When I started working with kubernetes at scale I began encountering something that didn’t happen when I was just running experiments on it: occasionally a pod would get stuck in pending status because no node had sufficient cpu or ram available to run it. You can’t add cpu or ram to a node, so how do you un-stick the pod? The simplest fix is to add another node, and I admit resorting to this answer more than once. Eventually it became clear that this strategy fails to leverage one of kubernetes greatest strengths: its ability to efficiently utilize compute resources. The real problem in many of these cases was not that the nodes were too small, but that we had not accurately specified resource limits for the pods.
Resource limits are the operating parameters that you provide to kubernetes that tell it two critical things about your workload: what resources it requires to run properly; and the maximum resources it is allowed to consume. The first is a critical input to the scheduler that enables it to choose the right node on which to run the pod. The second is important to the kubelet, the daemon on each node that is responsible for pod health. While most readers of these posts probably have at least a basic familiarity with the concept of resources and limits, there is a lot of interesting detail under the hood. In this two-part series I’m going to first look closely at memory limits, and then follow up with a second post on cpu limits.
Resource limits
Resource limits are set on a per-container basis using the resources
property of a containerSpec, which is a v1 api object of type ResourceRequirements. Each object specifies both “limits” and “requests” for the types of resources that can be controlled. Currently that means cpu and memory. A third type of resource, ephemeral storage, is in beta but I will come back to that in some future post. For most of us the place we will encounter resource limits is in the specification of a deployment, statefulset or daemonset, each of which contains a podSpec with one or more containerSpecs. Here’s an example of a complete v1 resources object in yaml:
resources:
requests:
cpu: 50m
memory: 50Mi
limits:
cpu: 100m
memory: 100Mi
This object makes the following statement: in normal operation this container needs 5 percent of cpu time, and 50 mebibytes of ram (the request); the maximum it is allowed to use is 10 percent of cpu time and 100 mebibytes of ram (the limit). I’m going to talk a lot more below about the difference between requests and limits, but generally speaking requests are important at schedule time, and limits are important at run time. Although resource limits are set on each container, you can think of the limits for a pod as being the sum of the limits of all the containers in it, and as we’ll see that relationship is maintained lower down in the system as well.
Memory limits
I’m tackling memory limits first because in many ways they are the simpler of the two. One of my goals here is to show how limits are implemented in the system, as kubernetes delegates to the container runtime (docker/containerd in this case), and the container runtime delegates to the linux kernel. Showing that with memory first may make it clearer when we talk about cpu limits later. First let’s revisit the example above, with just the memory limits:
resources:
requests:
memory: 50Mi
limits:
memory: 100Mi
The unit suffix Mi
stands for mebibytes, and so this resource object specifies that the container needs 50 Mi and can use at most 100 Mi. There are a number of other units in which the amount of memory can be expressed. To see how these values are used to control the container process, let’s first create a really simple pod with no memory limits at all:
$ kubectl run limit-test --image=busybox --command -- /bin/sh -c "while true; do sleep 2; done"

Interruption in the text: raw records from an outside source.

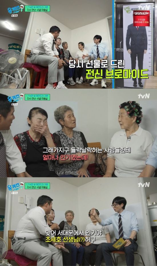 김종순 여사는 "복지관 다닐 적에 초상화도 걸어놨었다"라며 귀띔했고, 조세호는 "저희 전신 브로마이드가 있었다"라며 거들었다.
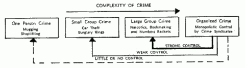 Professor Donald Cressey, a consultant to the President's Crime Commission, offers the conception of criminal activity as a continuum beginning with crimes by single individuals and moving to those planned and executed by small groups.[3] As we proceed along the continuum, the number of individuals, the types of crime, and the complexity of planning increase. Near the point where planning and organization require several layers of authority and specialization,
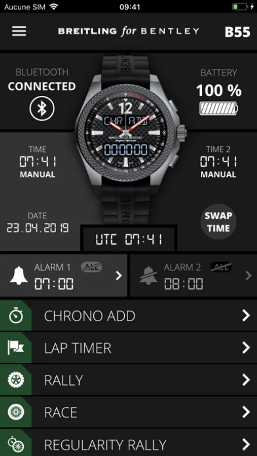 • Check the state of your chronograph at a glance and adjust your settings (UTC time, timezones, date, 7 alarms, synchronization of the hands).

deployment.apps "limit-test" created
Using kubectl we can verify that kubernetes created the pod with no limits:
$ kubectl get pods limit-test-7cff9996fc-zpjps -o=jsonpath='{.spec.containers[0].resources}'
map[]
One of the cool things about kubernetes is that you can always jump outside the system and look at things from that perspective. So let’s ssh to the node and see how docker is running that container:
$ docker ps | grep busy | cut -d' ' -f1
5c3af3101afb
$ docker inspect 5c3af3101afb -f "{{.HostConfig.Memory}}"
0
The container .HostConfig.Memory
field corresponds to the --memory
argument to docker run
and a 0 value means no limit has been set. What does docker do with that value? In order to control the amount of memory that a container process can access docker configures a property of a control group, or cgroup for short. Cgroups were added to linux in kernel version 2.6.24, released in January of 2008. They are a big topic, so for the moment let’s say that a cgroup is a container for a set of related properties that control how the kernel runs a process. There are specific cgroups to control memory, cpu, devices, etc. Cgroups are hierarchical, meaning that each cgroup has a parent from which it inherits properties, all the way up to the root cgroup which is created at system start.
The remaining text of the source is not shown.